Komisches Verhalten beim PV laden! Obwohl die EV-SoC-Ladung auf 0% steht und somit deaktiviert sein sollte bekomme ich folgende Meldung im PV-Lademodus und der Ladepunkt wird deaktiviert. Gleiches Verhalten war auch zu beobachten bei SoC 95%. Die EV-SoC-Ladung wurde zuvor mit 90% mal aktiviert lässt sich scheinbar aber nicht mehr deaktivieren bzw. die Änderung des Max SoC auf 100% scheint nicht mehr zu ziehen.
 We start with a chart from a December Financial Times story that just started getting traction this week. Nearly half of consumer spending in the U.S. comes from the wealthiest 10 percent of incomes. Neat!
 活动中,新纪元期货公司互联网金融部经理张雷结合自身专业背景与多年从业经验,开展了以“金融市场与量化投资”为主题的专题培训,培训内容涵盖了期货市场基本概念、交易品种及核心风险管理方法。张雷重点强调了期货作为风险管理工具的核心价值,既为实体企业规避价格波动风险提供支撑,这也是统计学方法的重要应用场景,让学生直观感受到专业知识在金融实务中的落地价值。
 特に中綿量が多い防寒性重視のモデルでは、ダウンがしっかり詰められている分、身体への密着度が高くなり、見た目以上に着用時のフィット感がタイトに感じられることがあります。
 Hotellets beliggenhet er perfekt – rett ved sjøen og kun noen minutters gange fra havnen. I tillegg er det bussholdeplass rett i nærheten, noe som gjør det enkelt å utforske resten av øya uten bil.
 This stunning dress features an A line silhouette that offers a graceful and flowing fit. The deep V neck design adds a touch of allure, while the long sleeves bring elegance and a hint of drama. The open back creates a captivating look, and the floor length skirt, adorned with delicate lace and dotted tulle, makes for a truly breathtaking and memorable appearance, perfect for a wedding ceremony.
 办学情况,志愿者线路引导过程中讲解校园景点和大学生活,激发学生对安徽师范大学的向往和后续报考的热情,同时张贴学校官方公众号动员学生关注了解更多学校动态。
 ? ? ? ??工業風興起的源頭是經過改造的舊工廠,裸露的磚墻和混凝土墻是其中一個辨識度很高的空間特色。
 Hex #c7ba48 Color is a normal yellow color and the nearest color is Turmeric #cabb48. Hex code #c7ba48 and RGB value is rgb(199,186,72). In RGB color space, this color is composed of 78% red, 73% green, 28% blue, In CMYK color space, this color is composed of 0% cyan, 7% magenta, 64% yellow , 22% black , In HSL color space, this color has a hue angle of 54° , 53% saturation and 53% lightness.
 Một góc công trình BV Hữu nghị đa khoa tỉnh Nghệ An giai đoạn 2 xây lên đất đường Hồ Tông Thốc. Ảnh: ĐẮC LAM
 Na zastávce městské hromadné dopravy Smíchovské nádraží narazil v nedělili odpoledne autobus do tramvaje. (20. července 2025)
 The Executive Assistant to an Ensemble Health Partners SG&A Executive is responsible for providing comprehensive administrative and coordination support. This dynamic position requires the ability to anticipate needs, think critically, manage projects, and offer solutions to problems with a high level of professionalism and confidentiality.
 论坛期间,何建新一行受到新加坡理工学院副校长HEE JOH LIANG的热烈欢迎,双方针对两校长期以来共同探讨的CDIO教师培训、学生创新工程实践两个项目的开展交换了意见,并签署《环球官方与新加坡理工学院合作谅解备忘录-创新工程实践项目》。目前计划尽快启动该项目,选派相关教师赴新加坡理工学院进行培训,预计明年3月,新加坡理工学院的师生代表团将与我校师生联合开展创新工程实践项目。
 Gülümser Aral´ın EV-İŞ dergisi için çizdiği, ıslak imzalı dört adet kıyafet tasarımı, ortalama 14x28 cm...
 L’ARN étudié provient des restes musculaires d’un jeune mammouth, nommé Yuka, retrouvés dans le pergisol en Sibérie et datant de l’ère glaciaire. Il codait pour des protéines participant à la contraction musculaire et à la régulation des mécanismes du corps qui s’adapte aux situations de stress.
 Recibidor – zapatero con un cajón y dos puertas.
════
EXERCISE REQUIREMENTS: Repeat exactly, please, each line from the beginning of the data through the line with "We start with" in it, and only those lines.

EXERCISE RESULT:
Komisches Verhalten beim PV laden! Obwohl die EV-SoC-Ladung auf 0% steht und somit deaktiviert sein sollte bekomme ich folgende Meldung im PV-Lademodus und der Ladepunkt wird deaktiviert. Gleiches Verhalten war auch zu beobachten bei SoC 95%. Die EV-SoC-Ladung wurde zuvor mit 90% mal aktiviert lässt sich scheinbar aber nicht mehr deaktivieren bzw. die Änderung des Max SoC auf 100% scheint nicht mehr zu ziehen.
 We start with a chart from a December Financial Times story that just started getting traction this week. Nearly half of consumer spending in the U.S. comes from the wealthiest 10 percent of incomes. Neat!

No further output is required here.